Quoting the Java language spec:

If at least one of the operands to a binary operator is of floating-point type, then the operation is a floating-point operation, even if the other is integral.

If at least one of the operands to a numerical operator is of type double, then the operation is carried out using 64-bit floating-point arithmetic, and the result of the numerical operator is a value of type double. If the other operand is not a double, it is first widened (§5.1.5) to type double by numeric promotion (§5.6).

Otherwise, the operation is carried out using 32-bit floating-point arithmetic, and the result of the numerical operator is a value of type float. (If the other operand is not a float, it is first widened to type float by numeric promotion.)

Answer 4

The answer to your question is probably in the Floating point operation section of the Java Language Specification and in this older post. You are probably experiencing rounding errors due to the implicit conversion that is ocurring.

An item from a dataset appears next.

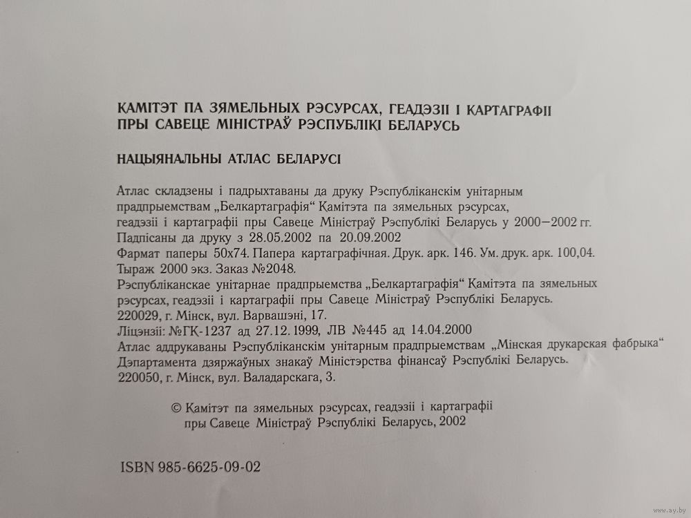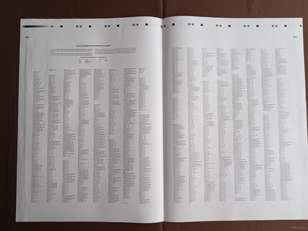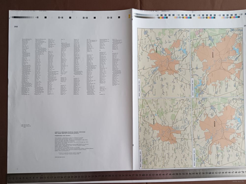 Двухсторонний типографский лист (страницы 289, 290, 291 и 292) из Национального атласа Беларуси 2002 года одним лотом, имеются в наличии другие листы, см. описание лота (3895)

The quote that applies to your situation is

Third operation:

If at least one of the operands to a binary operator is of floating-point type, then the operation is a floating-point operation, even if the other is integral.

Second operation:

If at least one of the operands to a numerical operator is of type double, then the operation is carried out using 64-bit floating-point arithmetic, and the result of the numerical operator is a value of type double. If the other operand is not a double, it is first widened (§5.1.5) to type double by numeric promotion (§5.6).

First operation

Otherwise, the operation is carried out using 32-bit floating-point arithmetic, and the result of the numerical operator is a value of type float. (If the other operand is not a float, it is first widened to type float by numeric promotion.)

Hence, you should not be worried, but decide what is the precision you desire and use the appropriate casting, if necessary.

Answer 5

32-bit IEEE floating point numbers have seven digits of precision; 64-bit allows 16. That's all you get. If neither of those is sufficient, you have to use BigDecimal.

This is true in every language that implements the IEE standard, not just Java.